• **WORK INSTRUCTIONS**
From the listing that follows, reproduce only the lines from the one holding "Si/Di120A 120 litre" through the one holding "Dancing corner event winner West House", both included, with no pictures.

• **DATASET EXTRACT**
____

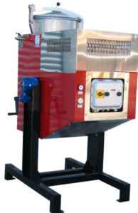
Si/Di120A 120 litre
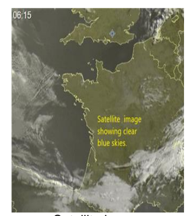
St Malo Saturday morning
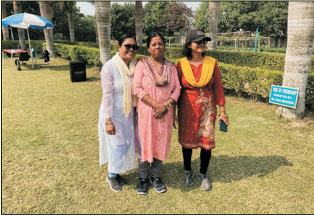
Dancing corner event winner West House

____

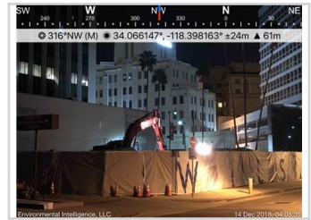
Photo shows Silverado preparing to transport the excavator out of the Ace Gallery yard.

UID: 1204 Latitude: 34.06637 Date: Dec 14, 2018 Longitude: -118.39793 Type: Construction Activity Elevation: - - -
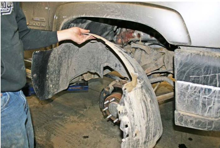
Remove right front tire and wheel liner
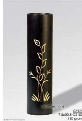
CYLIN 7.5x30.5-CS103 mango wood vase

____

• **PROBLEM SOLUTION**
Si/Di120A 120 litre
St Malo Saturday morning
Dancing corner event winner West House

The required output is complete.